Cullinan has this gift for making you feel like everyone is an antihero within the story. It isn't just John, who manages to be just as manipulative without both legs. Still, you're constantly finding altered perspectives where we don't get insight into characters so much as looks into how they see each other. There's hot gossip like everyone secretly hates each other. They put up with them for the sake of unity, but it's not always promising to produce friendly results. By the end John's guilt is not fully obvious, making us wonder whom we should trust. If there's any issue, it's that the book is heavily padded in this paranoia that often works, but draws things out to unbearable meandering at other times.

The biggest issue of "The Beguiled" has nothing to do with how perfectly Cullinan walks the tightrope of character reliability. Tonally it feels like a decent embodiment of how torn apart (sometimes literally) the country was during the Civil War. But one has to wonder what the bigger point of everything is. It all plays like a strange revenge horror story, and once you get to the meaty moment, you're left wondering what it symbolized. Was there any bigger point to this story besides building tension? It's what keeps this really good novel from being a timeless book. Everything is already in place to make you invested in a bigger point, but it's not abundantly clear.

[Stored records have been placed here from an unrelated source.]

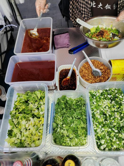 夜市里的特色小吃铺,摊位收拾得干净,饭包用新鲜生菜包裹,米饭、土豆泥、鸡蛋搭配均匀,酱料咸香适中,分量扎实,逛夜市时解馋很合适。
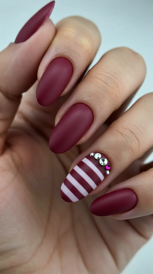 4. Berry Matte Stripes with Crystal Accents
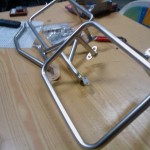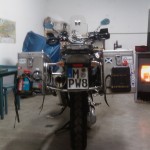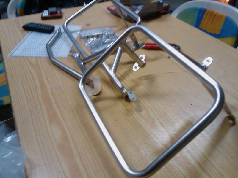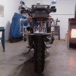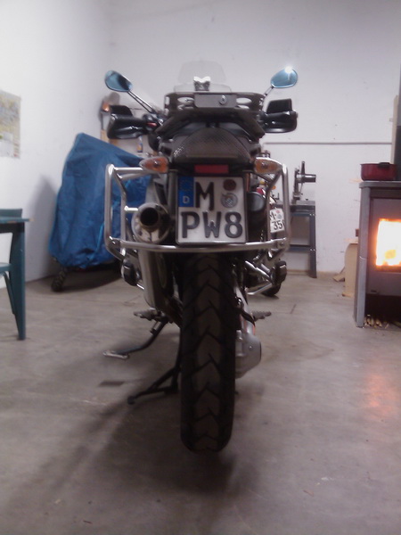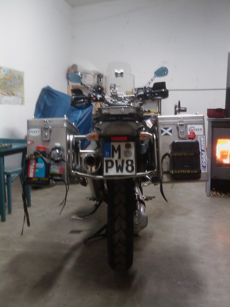 Touratech hat die magischen Finger an meine angegammelten Koffertraeger gelegt, ein paar ziemlich kuriose Beschwoerungsformeln in den Bart gemurmelt, einen kleinen Lederbeutel mit Knochen ueber einer roten Samtdecke ausgeleert und zum Abschluss aus meinem Kaffeesatz gelesen. So jedenfalls wurde mir erlaeutert, sei der Umstand zu erklaeren, warum mein silbern beschichteter Koffertraeger, den ich reklamierte, nun in poliertem Edelstahl erstrahlt. Jedenfalls hat sich die Zeit des Wartens gelohnt ((ich habe bei der Abgabe nur verlauten lassen, im Maerz wolle ich ihn wieder haben)) und nun ist er auch wieder montiert. Der Anblick des monstroesen Kofferhecks ist immer wieder ein kleiner Schock. Die Karre ist damit satt 99,5 cm breit. Sieht aber aus wie 1.50 m.
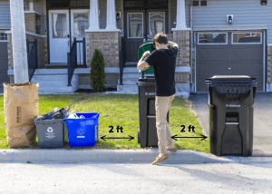 • Allow for 2 ft of clearance between each cart and from other waste materials set out for
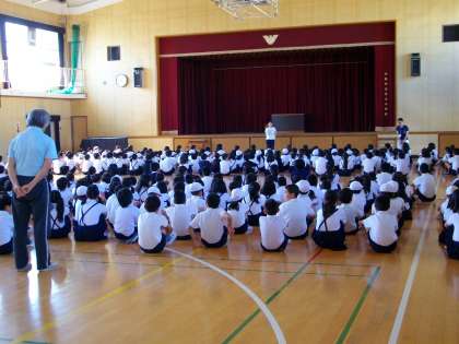 今日の児童集会で、月曜日に編成したなかよし班で集まり、並び方やメンバーの確認をしました。
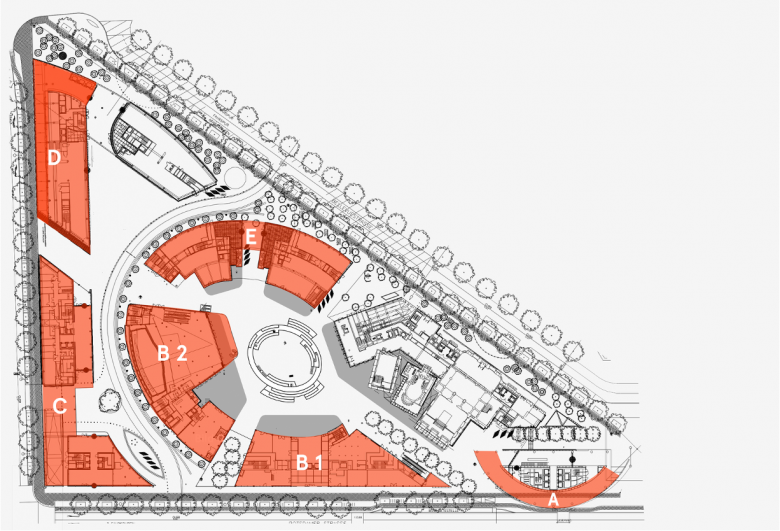 einzelnen Gebäudeteile sowie die Erdgeschosszonen, einschließlich der Lobbys,
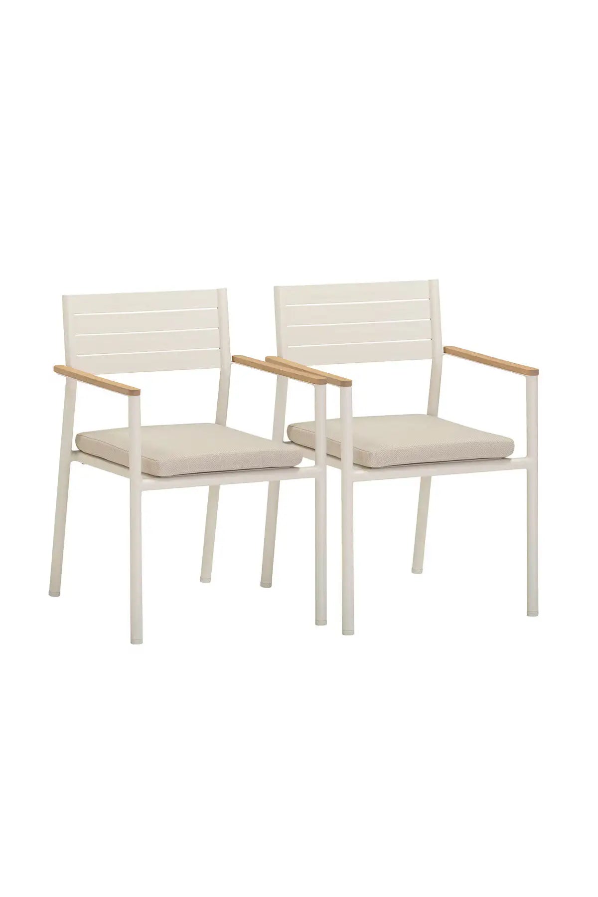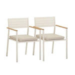 The Sardinia Outdoor Dining Chair brings laid-back style with a durable edge, weather-resistant eucalyptus, rust-resistant aluminum, and outdoor-grade fabrics made to handle the elements. Thoughtful details like secure cushion straps, reinforced table support, and adjustable leveling tips keep everything sturdy and steady. Sold as a set of 2.

"The Beguiled" has a raw and unrepentant look at a society divided, and it's worth checking out if the film versions interested you. With that said, it's a streamlined story of violence and tension that gets by simply on being strange. It's effective, but the reader isn't likely to remember much of the book beyond its incredible centerpiece. The rest is a bit too meandering for its own good, never able to keep the tension alive long enough to be triumphant. It's really good but at the end of the day the execution is more interesting than what he has to say. It's worth it for a tonal experience of a slow burn, but don't expect much satisfaction beyond the visceral, surface-level experience.